Es mag ein Zug des sich gerne selbstzerfleischenden Protestanitsmus der Schweiz sein - der im übrigen seit 1868 gänzlich einer geschriebenen Konfessionsschrift misstraut -, dass das Calvin-Jahr in der SchweizerischenÖffentlichkeit bis anhin kaum Beachtung gefunden hat. Es sind die zugewanderten Geistes-Gastarbeiter, die sich des Erbes des wohl wirkungsmächtigsten "Eidgenossen" annehmen. Oder aber es handelt sich um Schweizer Katholiken, die mit patriotischer Inbrunst und barocker Sprachfreude die Bedeutung des von ihrer Kirche "verketzerten" Miteidgenossen feiern.
Zwei Texte möchte ich den hier vorbeirauschenden Bloggonauten sehr ans Herz legen. Zum einen die in der "Frankfurter Allgemeinen Zeitung" erstmals veröffentlichte Polemik des in Berlin weilenden Einsiedler Klosterschülers Thomas Hürlimann: "Herr Steinbrück, Sie haben Mundgeruch". Hier wird Calvin zwar nur in einem Nebensatz erwähnt, aber als effiziente Brücke zwischen Hirten-Mentalität und Genfer Weltgeltung treffend gewürdigt.
Zum andern das wahrhaft beeindruckende "Interview", das der Egon-Kisch-Preisträger, Erwin Koch, im heutigen "Magazin" des Sonntagsblick zusammengestellt hat. Es ist eine subtil didaktisierte, anschauliche Würdigung des grossen "Eidgenossen". Leider kann ich auf das Meisterwerk nicht linken, empfehle es aber allen (allenfalls beim Verlag nachbestellen) die eine leichtfassliche, sprachlich herausragende und historisch gründliche Würdigung des grossen Genfers suchen. Wer sich nun wudert, warum eine solche publizistische Perle, nicht im "Magazin" des Hauses Tamedia erscheint, der sei auf diese kleine "Personalie" verwiesen, und den saloppen Umgang, den man nun dort mit dem grossen Genfer "Gotteskrieger" pflegt.
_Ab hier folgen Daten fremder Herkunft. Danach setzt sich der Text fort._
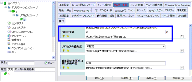 プロセスグループの「プロセス制御」タブページの「プロセス数」を「1」以上設定した場合、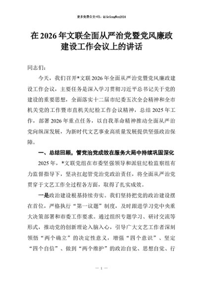 【七哥公文】2026年:在2026年文联全面从严治党暨党风廉政建设工作会议上的讲话+更多免费公文+VX:QiGeGongWen2024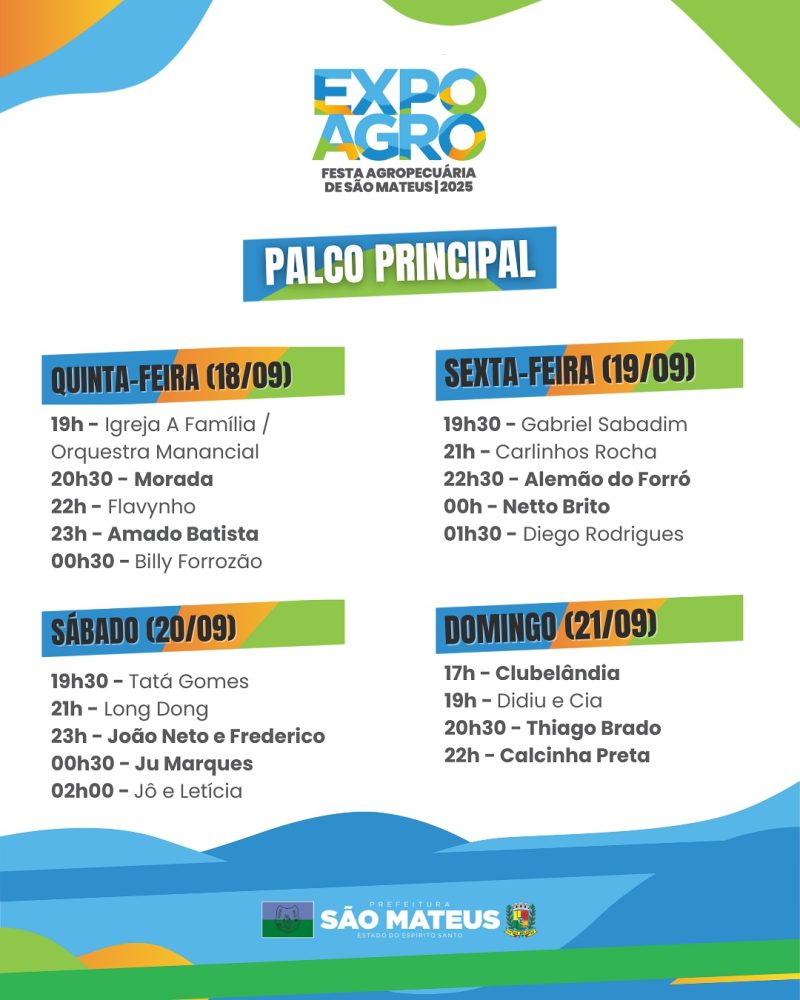 Veja a programação da Festa da Cidade pelos 418 anos de história de São Mateus: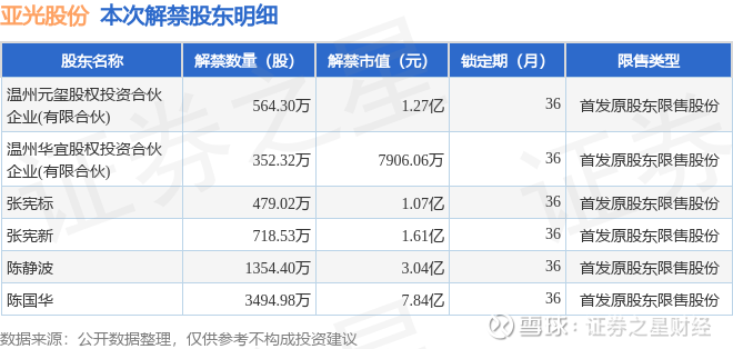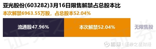 证券之星消息,根据市场公开信息整理,亚光股份(603282)于3月16日将有6963.55万股限售股份解禁,为公司首发原股东限售股份,占公司总股本52.04%。(本次数据根据历史公告整理得出,实际情况以上市公司最新公告为准)本次解禁后,公司已无限售股份。具体如下图所示: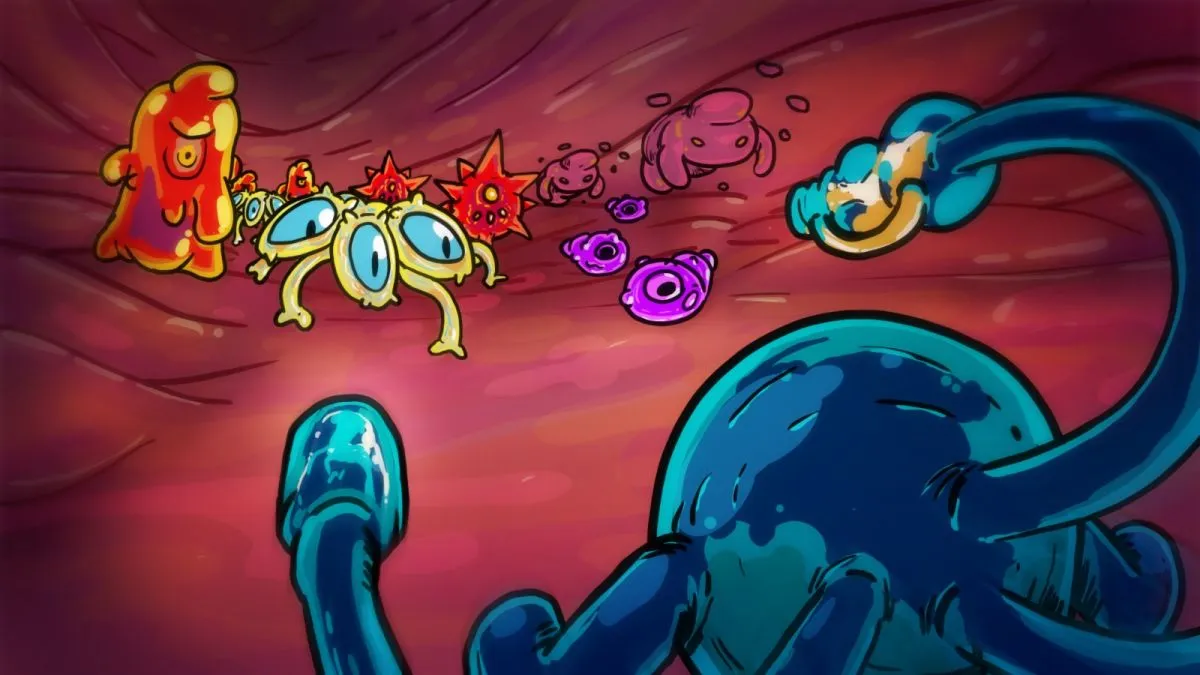 “La boda de Gaylord (la bacteria protagonista) fue arruinada por una jeringa, así que ahora estás recorriendo el recto de un tipo con un arma hecha de ADN.”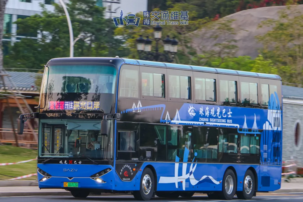 - 第二批次涂装相较于第一批次涂装,仅保留了珠海相关元素,即珠海城市形象LOGO、日月贝及港珠澳大桥。车身上的中英文标识也更换为“珠海观光巴士”。

Der jetzige Chefredaktor, Finn Canonica, ein bekennender Katholik ("was ich mag: (...) Loyalität, die Beichte, die Messe, meine Frau, meine Töchter Emily&Miel") mit Hang zur Thematisierung von katholischem Life-Style und Äusserlichkeiten, mag in seinem Blatt weniger die "kritische Reflexion" sondern sieht sich eher als Wortführer , Chef und Beichtvater einer neuen urban-hedonistischen Bürgerlichkeit beliefert von Rudeljournalisten von Martin Kalls Gnaden.
Allerdings ist er von Selbstzweifeln nicht ganz frei. So fragt er die St.Galler Kommunikationstheoretikerin Miriam Meckel (im "Tages-Anzeiger" zur Karikatur-Kolumnistin geadelt), ob es nicht gemein sei, dass seinem Kolumnisten, Daniel Binswanger, ob seiner Ganzkörperfoto "Eitelkeit" vorgeworfen werde.